=== The data ===
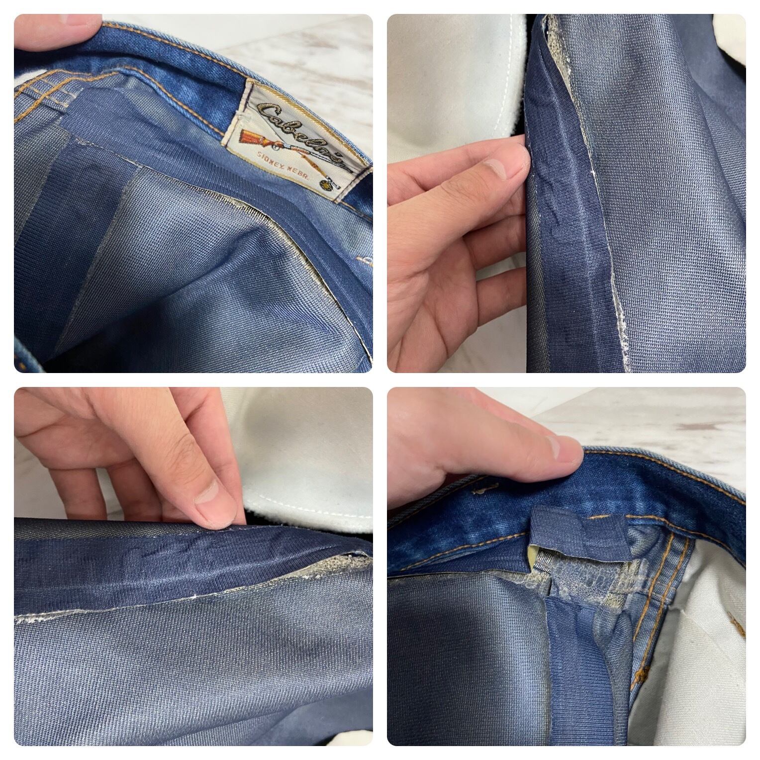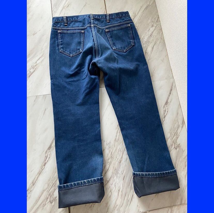 size : 表記-(実寸m〜l程度)ウエスト84股上30(ウエスト最上部から計測しています)股下79腿幅30サイドステッチ内側までで28程度裾幅22.5サイドの全長103
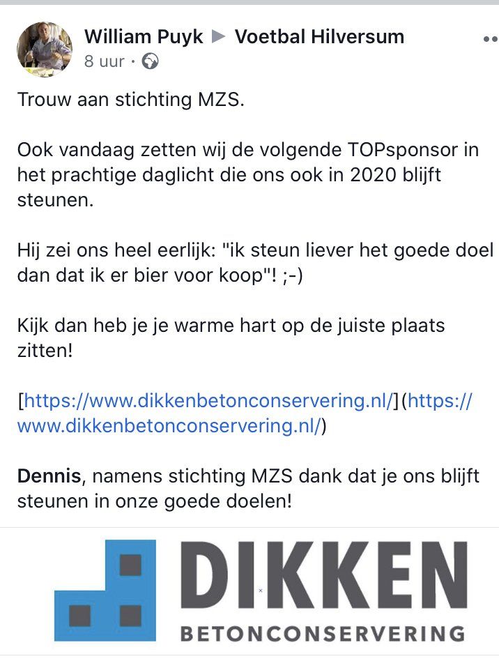 Dikken betonconservering is trotse sponsor van Stichting MZS / Hilversums elftal
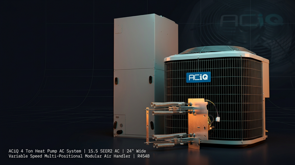 The ACiQ 4 Ton Heat Pump AC System with R454B refrigerant delivers efficient heating and cooling for larger homes and multi-room applications. This system pairs the R5H5S48AKAAA condenser with the FTMA5B60L0DA air handler to provide up to 16.0 SEER2 efficiency and reliable year-round performance. Built for demanding climates, this unit combines rugged construction with advanced compressor protection and quiet operation.
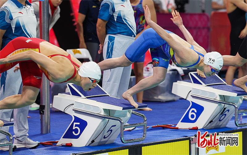 11月10日,河北选手李冰洁(右)在接力赛中。当日,中华人民共和国第十五届运动会游泳比赛在深圳大运中心游泳馆举行。在女子4×100米自由泳接力决赛中,由李冰洁、刘子璇、于子迪、赵静蕾组成的河北队获得铜牌。 河北日报记者 耿辉摄
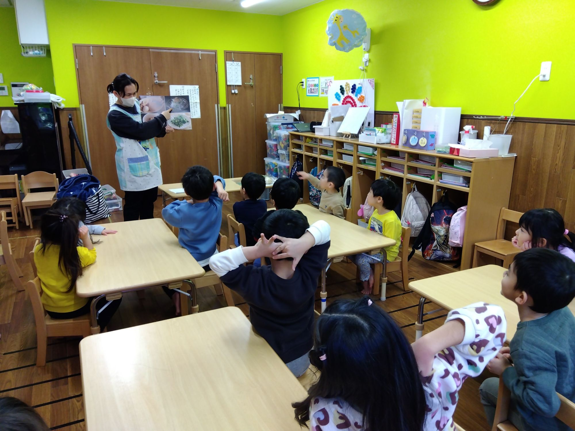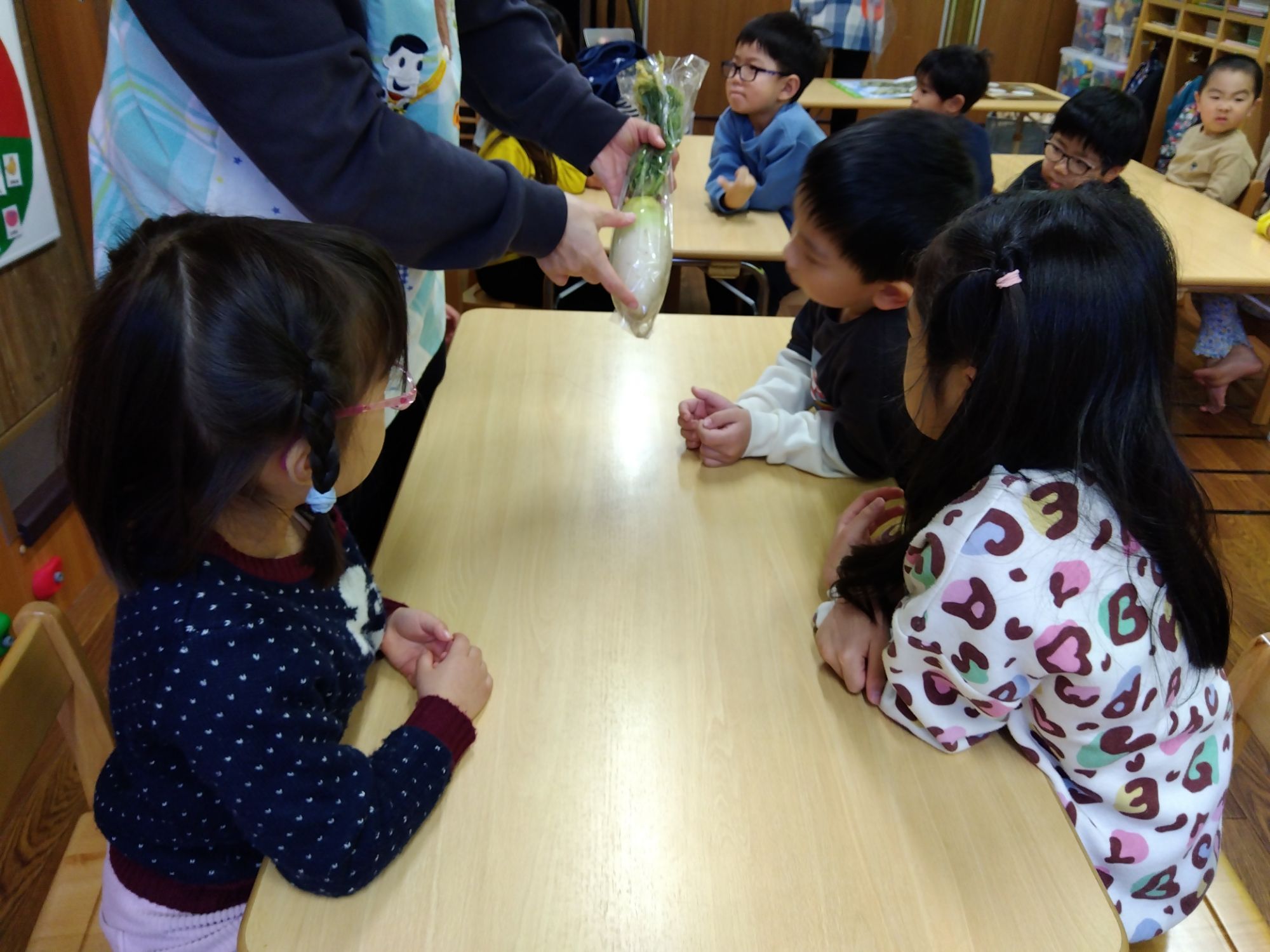 畑にキツネが遊びにきたこと🦊寒くなると大根は甘くなってもっと美味しくなること!夏になったら種をまく🌱など、新しい学びに「え〰️」「へー」という子どもたちの反応…が見られました。お話をよく聞いる証拠ですね!
===
Of the entries above, print exactly those lines that run from the one containing "Dikken betonconservering is" through the last line, excluding any pictures.

 Dikken betonconservering is trotse sponsor van Stichting MZS / Hilversums elftal
 The ACiQ 4 Ton Heat Pump AC System with R454B refrigerant delivers efficient heating and cooling for larger homes and multi-room applications. This system pairs the R5H5S48AKAAA condenser with the FTMA5B60L0DA air handler to provide up to 16.0 SEER2 efficiency and reliable year-round performance. Built for demanding climates, this unit combines rugged construction with advanced compressor protection and quiet operation.
 11月10日,河北选手李冰洁(右)在接力赛中。当日,中华人民共和国第十五届运动会游泳比赛在深圳大运中心游泳馆举行。在女子4×100米自由泳接力决赛中,由李冰洁、刘子璇、于子迪、赵静蕾组成的河北队获得铜牌。 河北日报记者 耿辉摄
 畑にキツネが遊びにきたこと🦊寒くなると大根は甘くなってもっと美味しくなること!夏になったら種をまく🌱など、新しい学びに「え〰️」「へー」という子どもたちの反応…が見られました。お話をよく聞いる証拠ですね!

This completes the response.